# Problem description
Using the records below, write out only the lines from the line containing "The Samsara Chandelier" up to and including the line containing "This sofa table", exactly, with no pictures.
BEGIN Input material
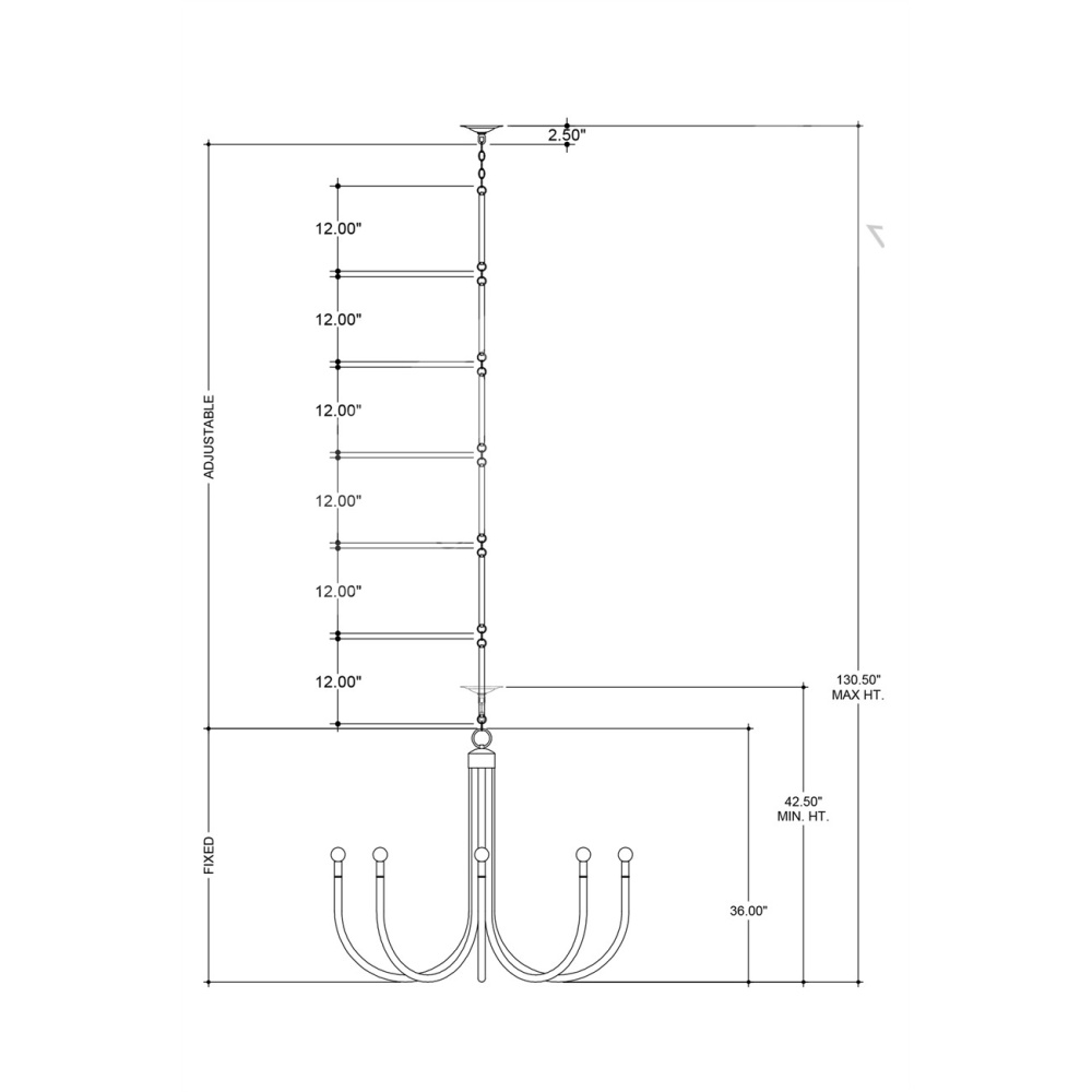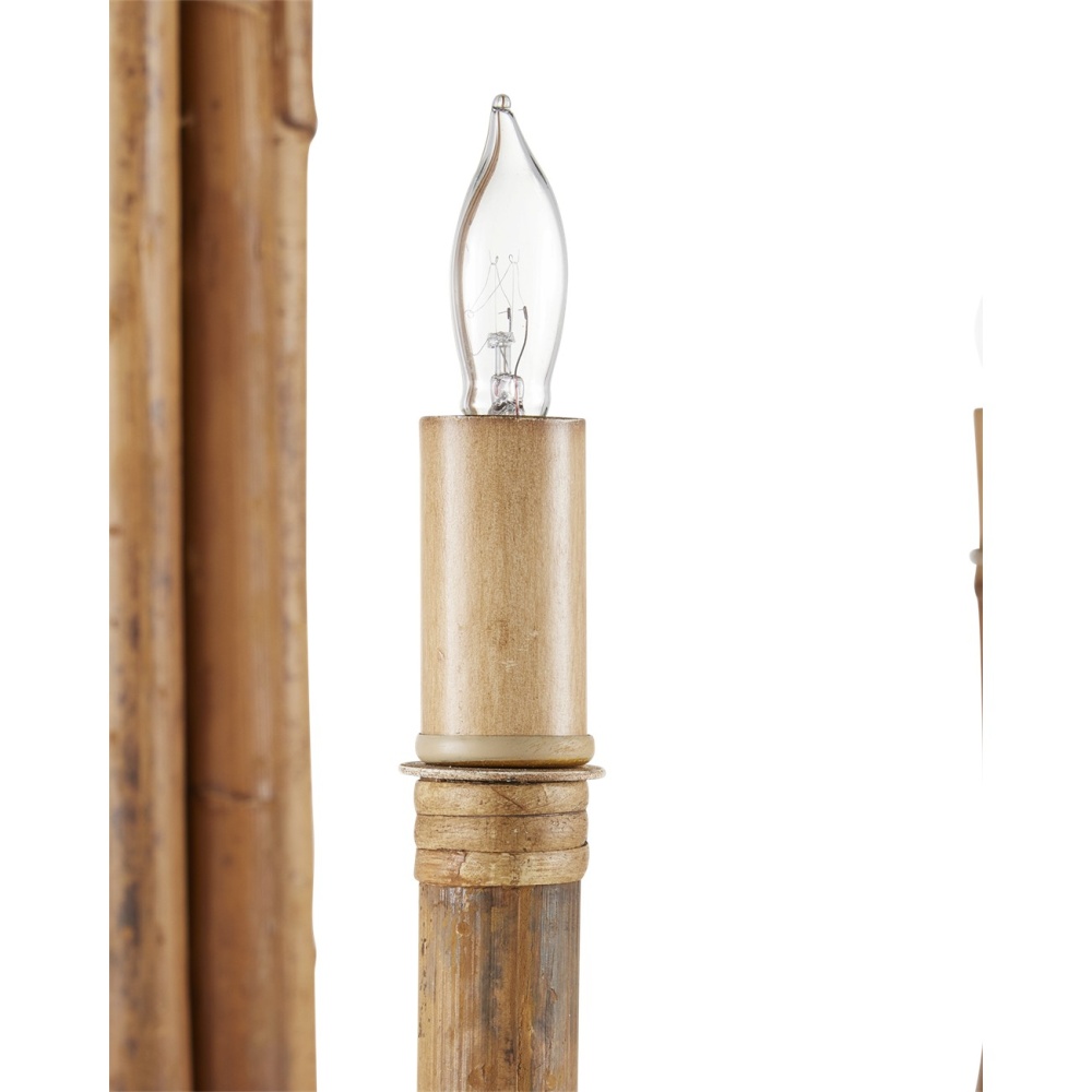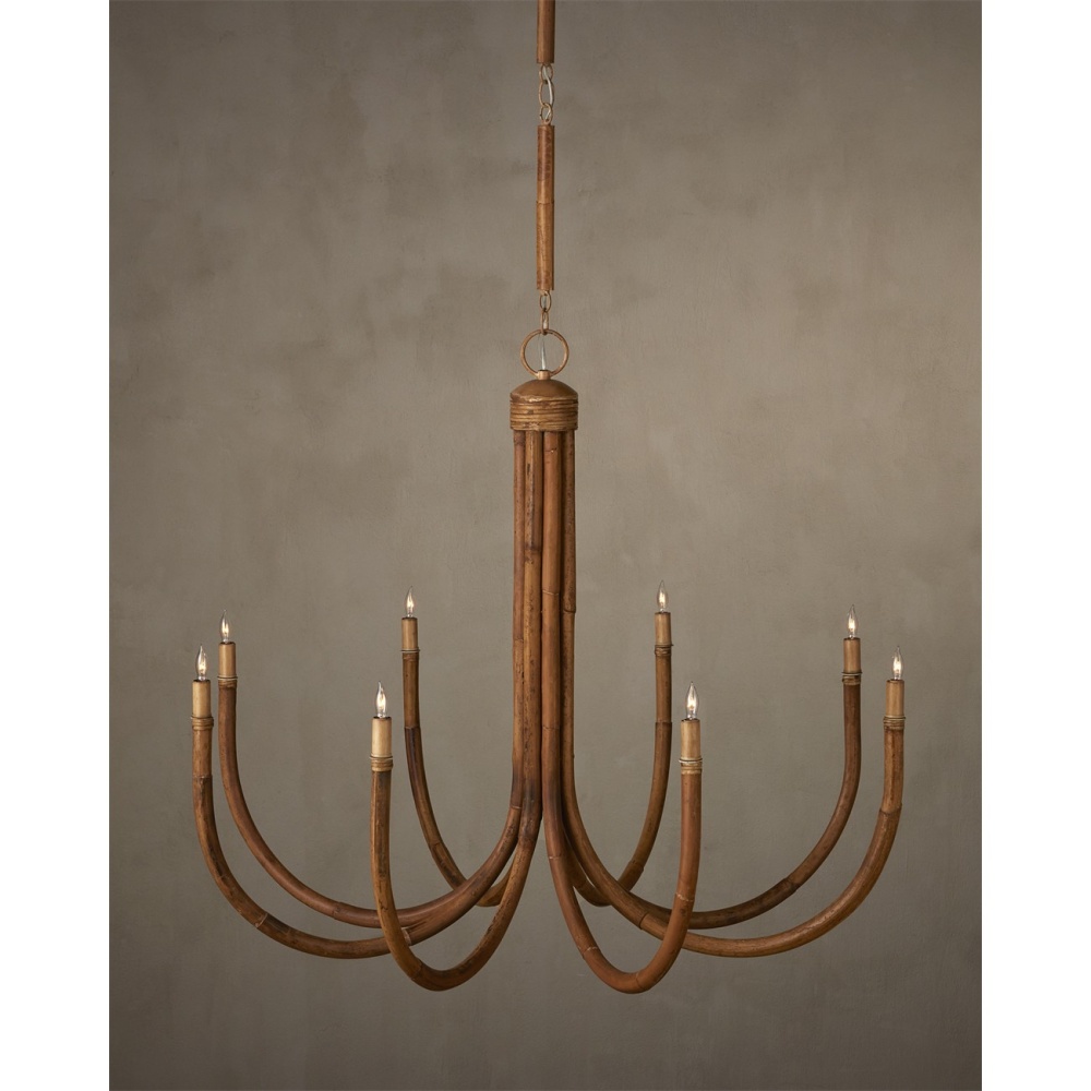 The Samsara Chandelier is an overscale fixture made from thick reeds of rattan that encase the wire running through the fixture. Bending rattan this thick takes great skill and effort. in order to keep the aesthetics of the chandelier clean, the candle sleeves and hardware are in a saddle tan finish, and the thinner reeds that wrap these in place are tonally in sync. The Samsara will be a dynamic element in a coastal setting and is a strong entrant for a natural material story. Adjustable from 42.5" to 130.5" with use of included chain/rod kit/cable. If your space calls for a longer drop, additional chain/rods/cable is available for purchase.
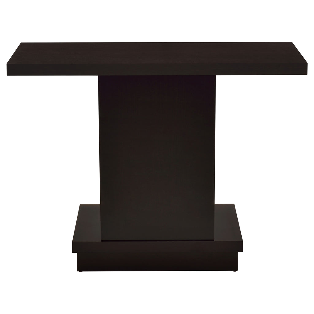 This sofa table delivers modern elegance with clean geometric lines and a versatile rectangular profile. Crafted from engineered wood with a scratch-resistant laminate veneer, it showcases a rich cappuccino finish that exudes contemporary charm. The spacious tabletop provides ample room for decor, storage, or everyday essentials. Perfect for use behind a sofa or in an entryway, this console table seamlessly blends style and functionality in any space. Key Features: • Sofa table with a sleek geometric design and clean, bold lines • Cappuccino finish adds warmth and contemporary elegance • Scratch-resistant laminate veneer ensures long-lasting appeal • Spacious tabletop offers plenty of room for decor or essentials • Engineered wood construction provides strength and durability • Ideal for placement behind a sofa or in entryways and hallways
END Input material
BEGIN Input material
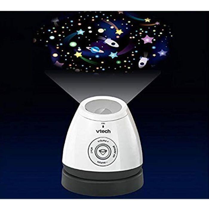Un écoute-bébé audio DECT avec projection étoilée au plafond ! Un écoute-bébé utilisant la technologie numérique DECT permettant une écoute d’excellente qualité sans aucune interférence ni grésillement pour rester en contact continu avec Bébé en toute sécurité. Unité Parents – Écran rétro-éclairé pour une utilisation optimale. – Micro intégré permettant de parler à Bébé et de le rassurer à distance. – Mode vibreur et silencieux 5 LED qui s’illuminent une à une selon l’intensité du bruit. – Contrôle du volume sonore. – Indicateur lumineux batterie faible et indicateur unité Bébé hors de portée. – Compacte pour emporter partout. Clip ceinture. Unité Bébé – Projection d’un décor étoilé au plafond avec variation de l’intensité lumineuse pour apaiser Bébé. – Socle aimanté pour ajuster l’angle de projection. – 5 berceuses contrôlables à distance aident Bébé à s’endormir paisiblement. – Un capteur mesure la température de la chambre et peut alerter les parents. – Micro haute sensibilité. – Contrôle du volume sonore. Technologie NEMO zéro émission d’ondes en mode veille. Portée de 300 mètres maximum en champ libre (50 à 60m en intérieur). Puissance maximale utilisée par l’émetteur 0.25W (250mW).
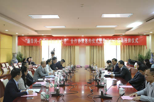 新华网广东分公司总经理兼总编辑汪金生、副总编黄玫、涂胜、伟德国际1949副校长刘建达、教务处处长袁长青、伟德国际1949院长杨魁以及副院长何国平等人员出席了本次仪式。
END Input material
BEGIN Input material
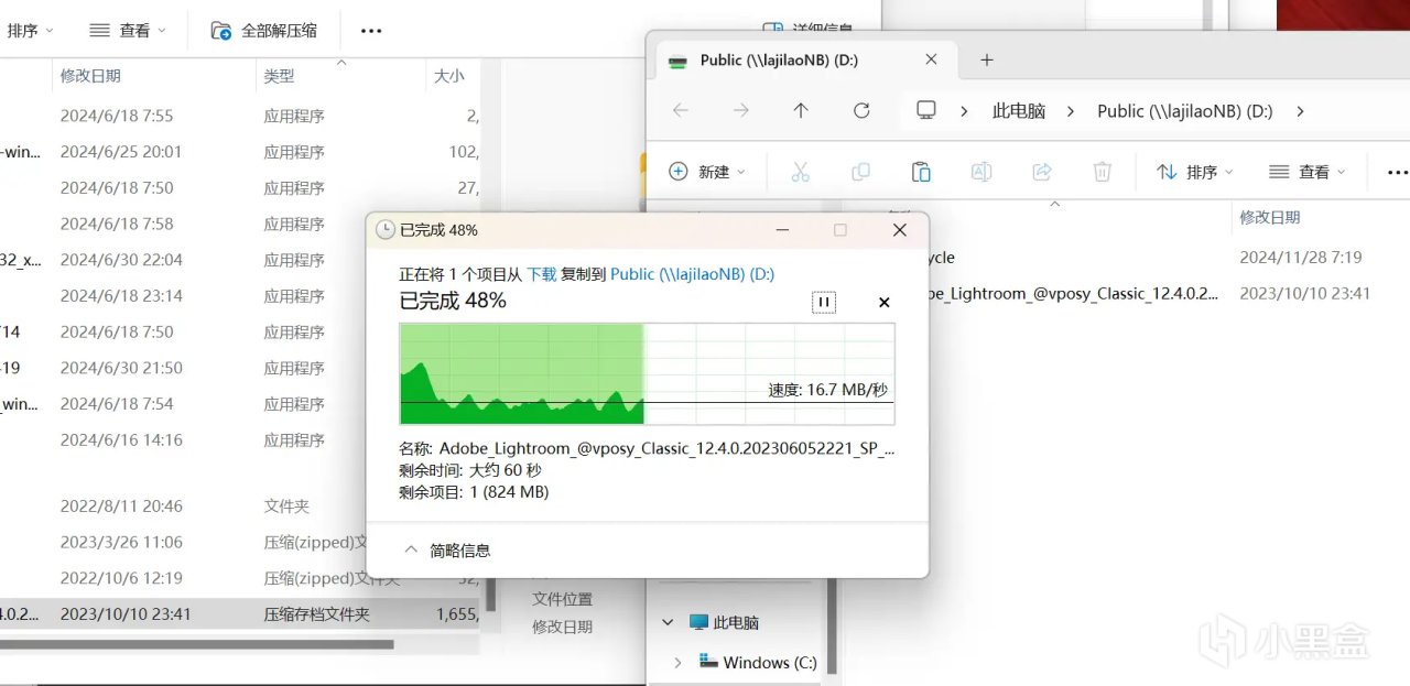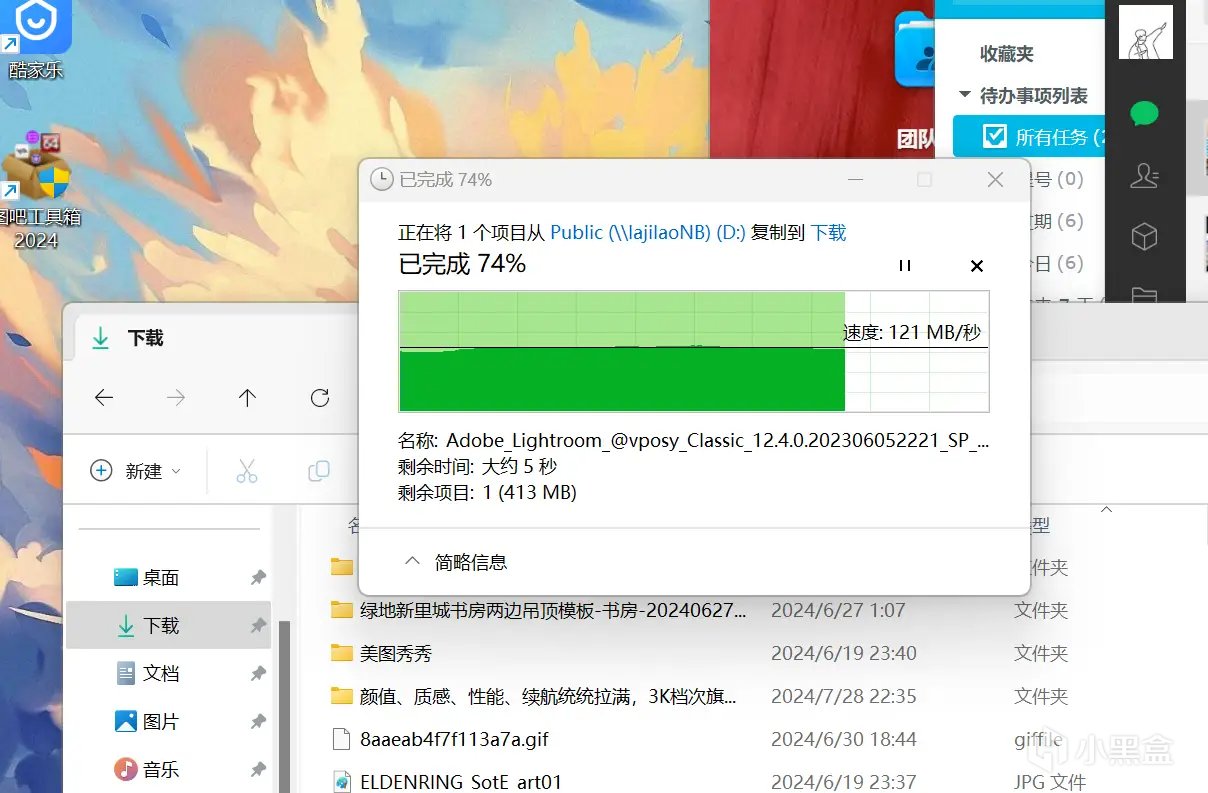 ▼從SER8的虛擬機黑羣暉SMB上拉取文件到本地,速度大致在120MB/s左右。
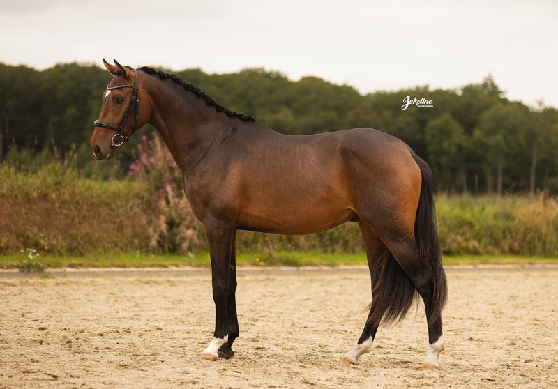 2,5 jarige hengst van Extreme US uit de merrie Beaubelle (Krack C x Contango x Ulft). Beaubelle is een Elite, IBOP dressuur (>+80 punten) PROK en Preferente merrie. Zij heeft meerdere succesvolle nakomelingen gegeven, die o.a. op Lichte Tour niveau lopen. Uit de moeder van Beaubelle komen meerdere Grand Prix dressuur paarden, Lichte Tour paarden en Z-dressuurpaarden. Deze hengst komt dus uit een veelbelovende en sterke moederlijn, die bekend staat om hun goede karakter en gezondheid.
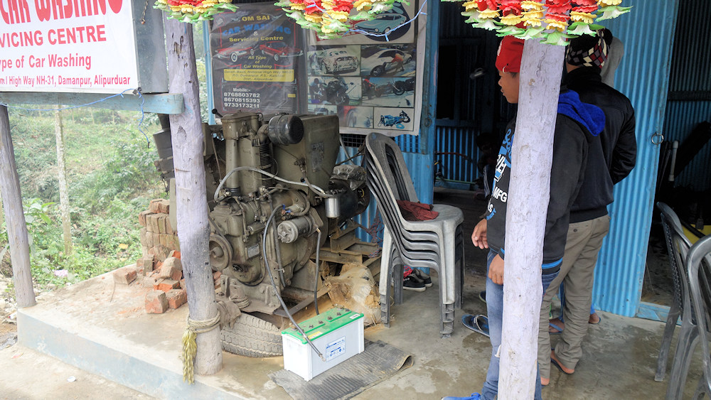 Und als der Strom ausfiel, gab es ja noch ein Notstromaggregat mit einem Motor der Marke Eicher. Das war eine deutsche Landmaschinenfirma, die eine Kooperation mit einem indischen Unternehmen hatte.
END Input material
# Worked solution
 The Samsara Chandelier is an overscale fixture made from thick reeds of rattan that encase the wire running through the fixture. Bending rattan this thick takes great skill and effort. in order to keep the aesthetics of the chandelier clean, the candle sleeves and hardware are in a saddle tan finish, and the thinner reeds that wrap these in place are tonally in sync. The Samsara will be a dynamic element in a coastal setting and is a strong entrant for a natural material story. Adjustable from 42.5" to 130.5" with use of included chain/rod kit/cable. If your space calls for a longer drop, additional chain/rods/cable is available for purchase.
 This sofa table delivers modern elegance with clean geometric lines and a versatile rectangular profile. Crafted from engineered wood with a scratch-resistant laminate veneer, it showcases a rich cappuccino finish that exudes contemporary charm. The spacious tabletop provides ample room for decor, storage, or everyday essentials. Perfect for use behind a sofa or in an entryway, this console table seamlessly blends style and functionality in any space. Key Features: • Sofa table with a sleek geometric design and clean, bold lines • Cappuccino finish adds warmth and contemporary elegance • Scratch-resistant laminate veneer ensures long-lasting appeal • Spacious tabletop offers plenty of room for decor or essentials • Engineered wood construction provides strength and durability • Ideal for placement behind a sofa or in entryways and hallways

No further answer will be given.